— Your assignment —
Repeat the listing below verbatim, without its images.

— Data excerpt —
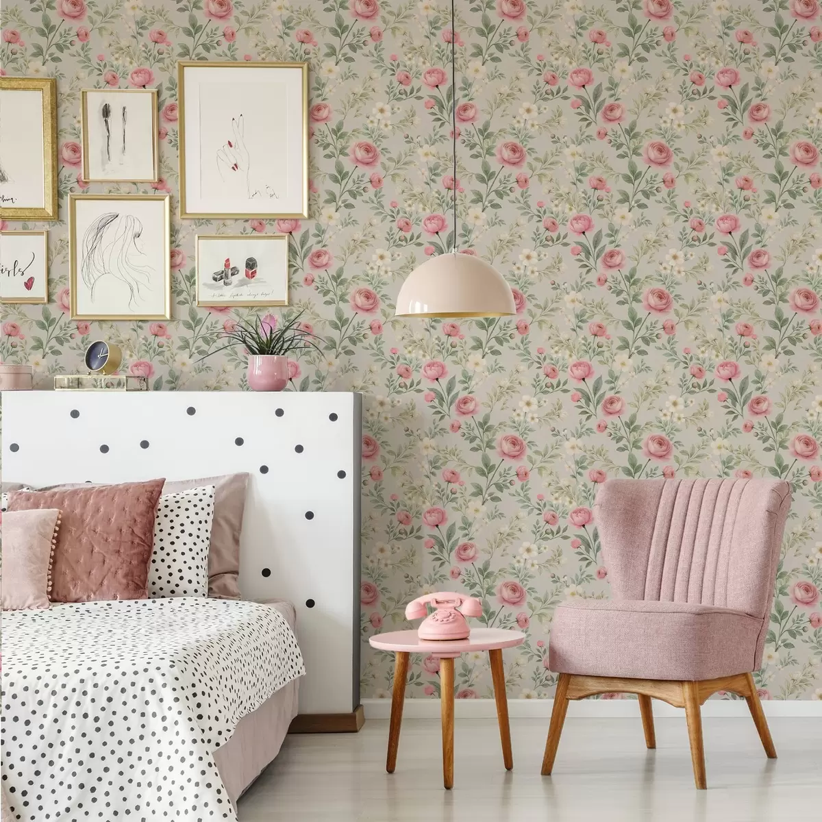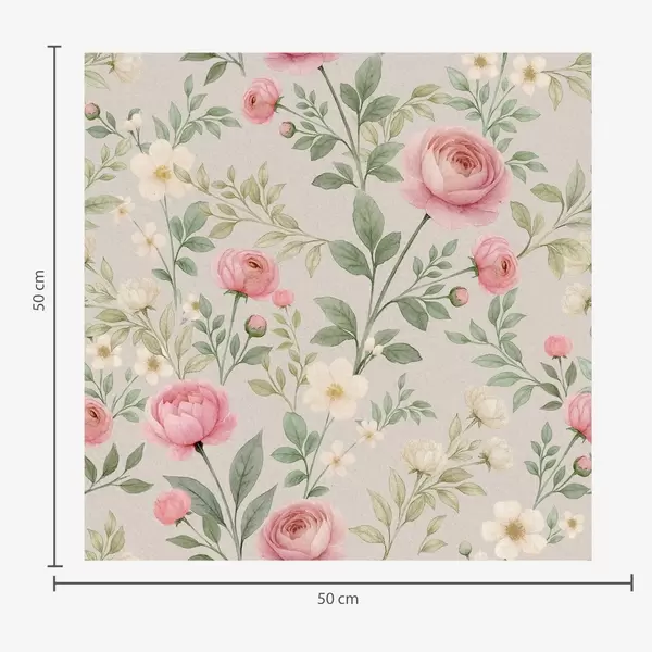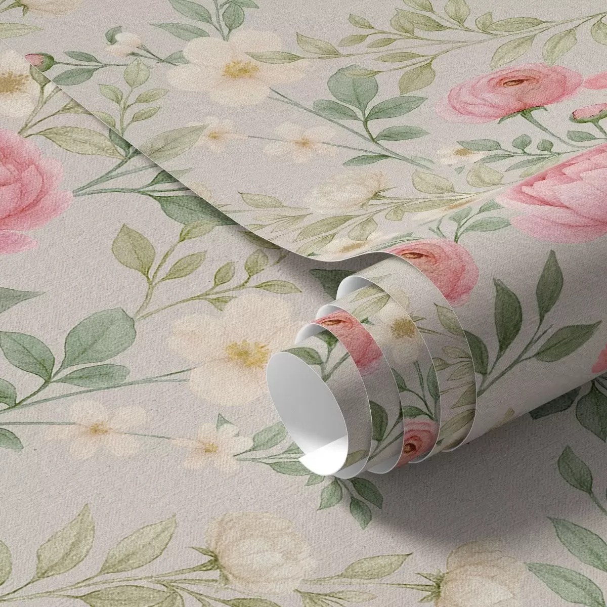 Tapete Aquarell-Pfingstrosen und weiße Blumen auf grau-beigem Hintergrund Nr. a00592
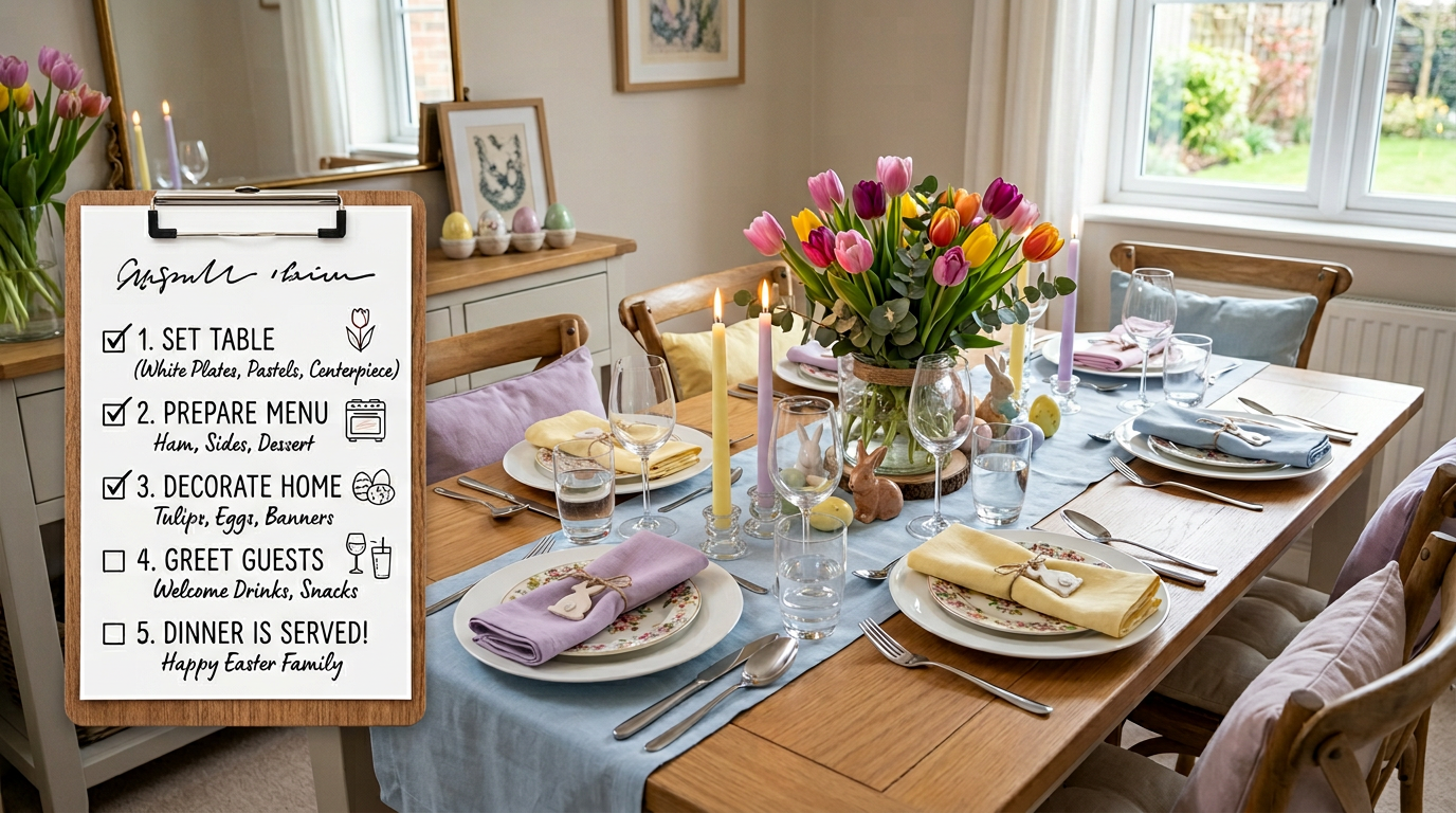 Hosting Easter at home should feel rewarding, not overwhelming. This guide walks you step by step from setting the date and style to a relaxed meal and a table everyone remembers.
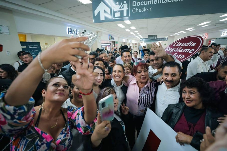 Torreón, Coahuila.- En un ambiente de auténtica alegría, Claudia Sheinbaum Pardo fue recibida por simpatizantes de Morena de Coahuila y Durango a su llegada al Aeropuerto Internacional Francisco Sarabia en la ciudad de Torreón, donde la música y las porras adornaron su llegada a la entidad.

— Exercise output —
 Tapete Aquarell-Pfingstrosen und weiße Blumen auf grau-beigem Hintergrund Nr. a00592
 Hosting Easter at home should feel rewarding, not overwhelming. This guide walks you step by step from setting the date and style to a relaxed meal and a table everyone remembers.
 Torreón, Coahuila.- En un ambiente de auténtica alegría, Claudia Sheinbaum Pardo fue recibida por simpatizantes de Morena de Coahuila y Durango a su llegada al Aeropuerto Internacional Francisco Sarabia en la ciudad de Torreón, donde la música y las porras adornaron su llegada a la entidad.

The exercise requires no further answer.